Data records
--- --- ---

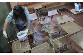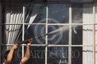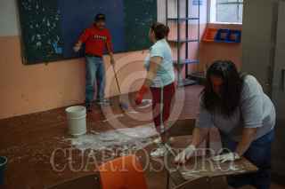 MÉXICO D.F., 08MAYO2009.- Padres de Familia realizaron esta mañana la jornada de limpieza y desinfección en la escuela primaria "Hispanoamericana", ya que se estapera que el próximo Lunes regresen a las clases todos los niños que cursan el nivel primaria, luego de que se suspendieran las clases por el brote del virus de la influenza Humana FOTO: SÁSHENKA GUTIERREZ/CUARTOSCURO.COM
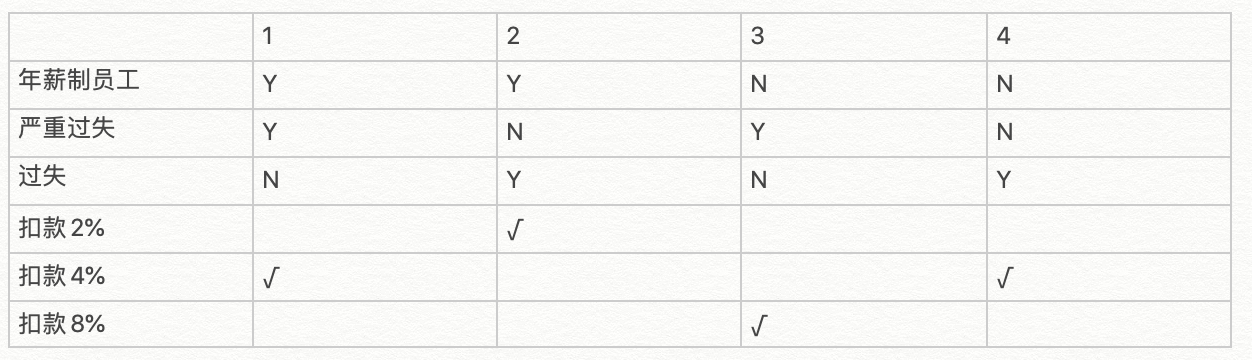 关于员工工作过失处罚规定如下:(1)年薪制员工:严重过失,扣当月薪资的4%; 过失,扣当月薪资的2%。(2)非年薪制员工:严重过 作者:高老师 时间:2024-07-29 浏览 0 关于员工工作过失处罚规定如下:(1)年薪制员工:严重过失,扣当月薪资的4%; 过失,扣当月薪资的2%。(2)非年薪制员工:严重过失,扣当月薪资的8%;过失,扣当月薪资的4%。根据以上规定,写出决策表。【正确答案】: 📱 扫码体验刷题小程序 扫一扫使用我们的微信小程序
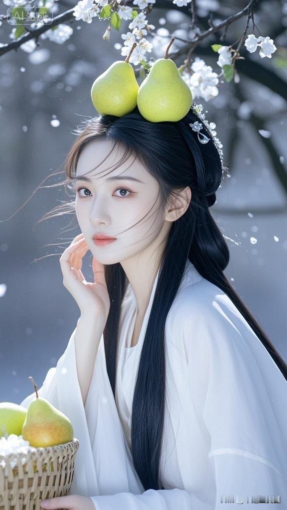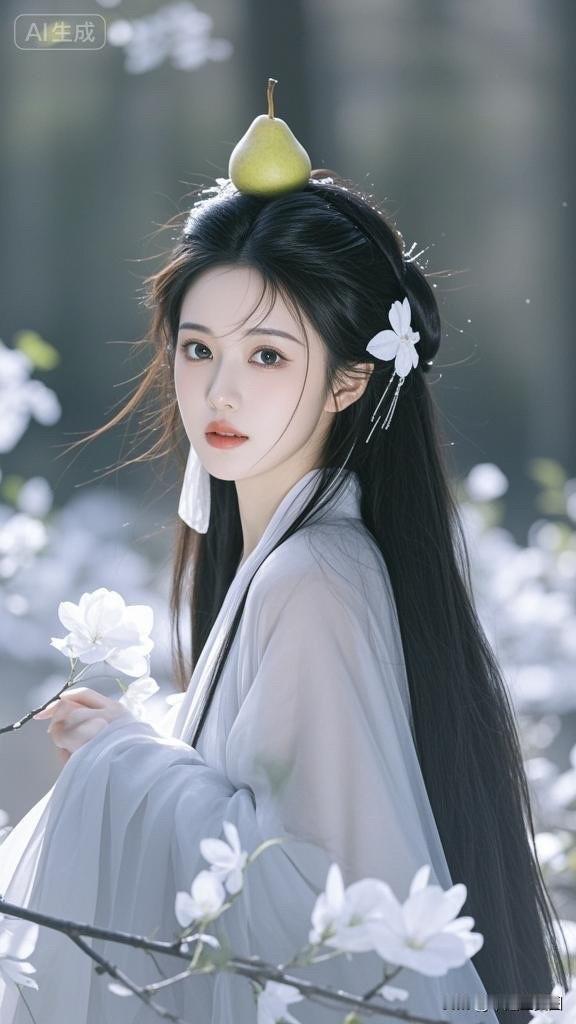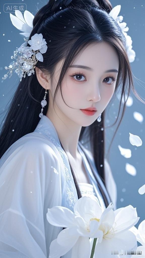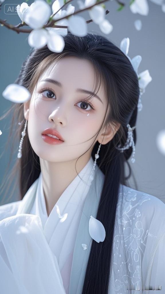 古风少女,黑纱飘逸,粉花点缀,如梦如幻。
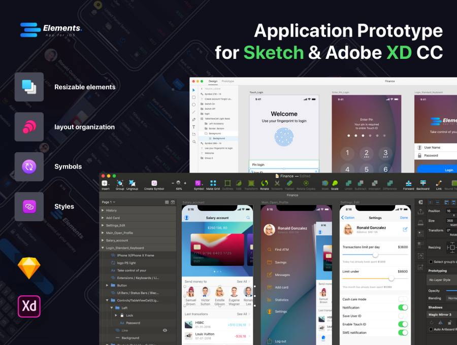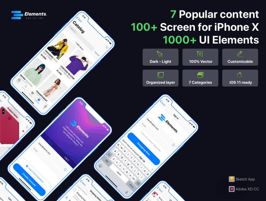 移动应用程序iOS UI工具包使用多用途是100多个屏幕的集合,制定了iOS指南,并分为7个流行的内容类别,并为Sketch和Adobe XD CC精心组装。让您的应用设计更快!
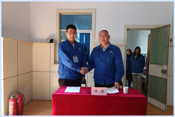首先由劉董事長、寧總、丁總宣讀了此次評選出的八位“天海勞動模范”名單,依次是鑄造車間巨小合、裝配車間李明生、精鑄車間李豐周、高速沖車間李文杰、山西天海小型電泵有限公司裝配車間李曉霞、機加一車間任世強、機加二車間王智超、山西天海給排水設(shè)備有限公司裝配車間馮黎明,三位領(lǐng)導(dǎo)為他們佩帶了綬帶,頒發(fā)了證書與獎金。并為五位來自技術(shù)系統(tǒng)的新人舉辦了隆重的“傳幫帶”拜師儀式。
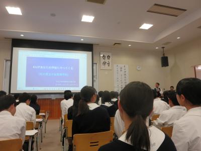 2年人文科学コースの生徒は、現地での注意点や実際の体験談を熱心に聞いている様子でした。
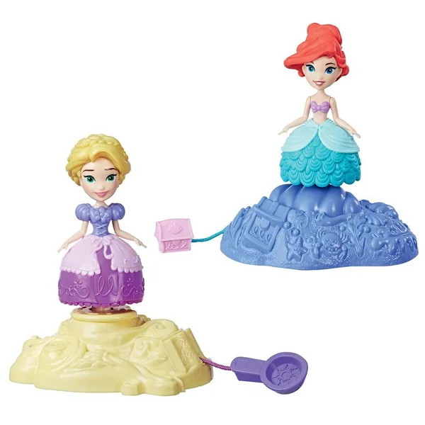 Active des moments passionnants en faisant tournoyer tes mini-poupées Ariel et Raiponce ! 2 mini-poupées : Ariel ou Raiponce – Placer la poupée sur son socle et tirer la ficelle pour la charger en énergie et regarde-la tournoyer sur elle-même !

--- --- ---

TASK DESCRIPTION:
Give every record again exactly, apart from the pictures, which stay out.

RESPONSE AREA:
 MÉXICO D.F., 08MAYO2009.- Padres de Familia realizaron esta mañana la jornada de limpieza y desinfección en la escuela primaria "Hispanoamericana", ya que se estapera que el próximo Lunes regresen a las clases todos los niños que cursan el nivel primaria, luego de que se suspendieran las clases por el brote del virus de la influenza Humana FOTO: SÁSHENKA GUTIERREZ/CUARTOSCURO.COM
 关于员工工作过失处罚规定如下:(1)年薪制员工:严重过失,扣当月薪资的4%; 过失,扣当月薪资的2%。(2)非年薪制员工:严重过 作者:高老师 时间:2024-07-29 浏览 0 关于员工工作过失处罚规定如下:(1)年薪制员工:严重过失,扣当月薪资的4%; 过失,扣当月薪资的2%。(2)非年薪制员工:严重过失,扣当月薪资的8%;过失,扣当月薪资的4%。根据以上规定,写出决策表。【正确答案】: 📱 扫码体验刷题小程序 扫一扫使用我们的微信小程序
 古风少女,黑纱飘逸,粉花点缀,如梦如幻。
 移动应用程序iOS UI工具包使用多用途是100多个屏幕的集合,制定了iOS指南,并分为7个流行的内容类别,并为Sketch和Adobe XD CC精心组装。让您的应用设计更快!
首先由劉董事長、寧總、丁總宣讀了此次評選出的八位“天海勞動模范”名單,依次是鑄造車間巨小合、裝配車間李明生、精鑄車間李豐周、高速沖車間李文杰、山西天海小型電泵有限公司裝配車間李曉霞、機加一車間任世強、機加二車間王智超、山西天海給排水設(shè)備有限公司裝配車間馮黎明,三位領(lǐng)導(dǎo)為他們佩帶了綬帶,頒發(fā)了證書與獎金。并為五位來自技術(shù)系統(tǒng)的新人舉辦了隆重的“傳幫帶”拜師儀式。
 2年人文科学コースの生徒は、現地での注意点や実際の体験談を熱心に聞いている様子でした。
 Active des moments passionnants en faisant tournoyer tes mini-poupées Ariel et Raiponce ! 2 mini-poupées : Ariel ou Raiponce – Placer la poupée sur son socle et tirer la ficelle pour la charger en énergie et regarde-la tournoyer sur elle-même !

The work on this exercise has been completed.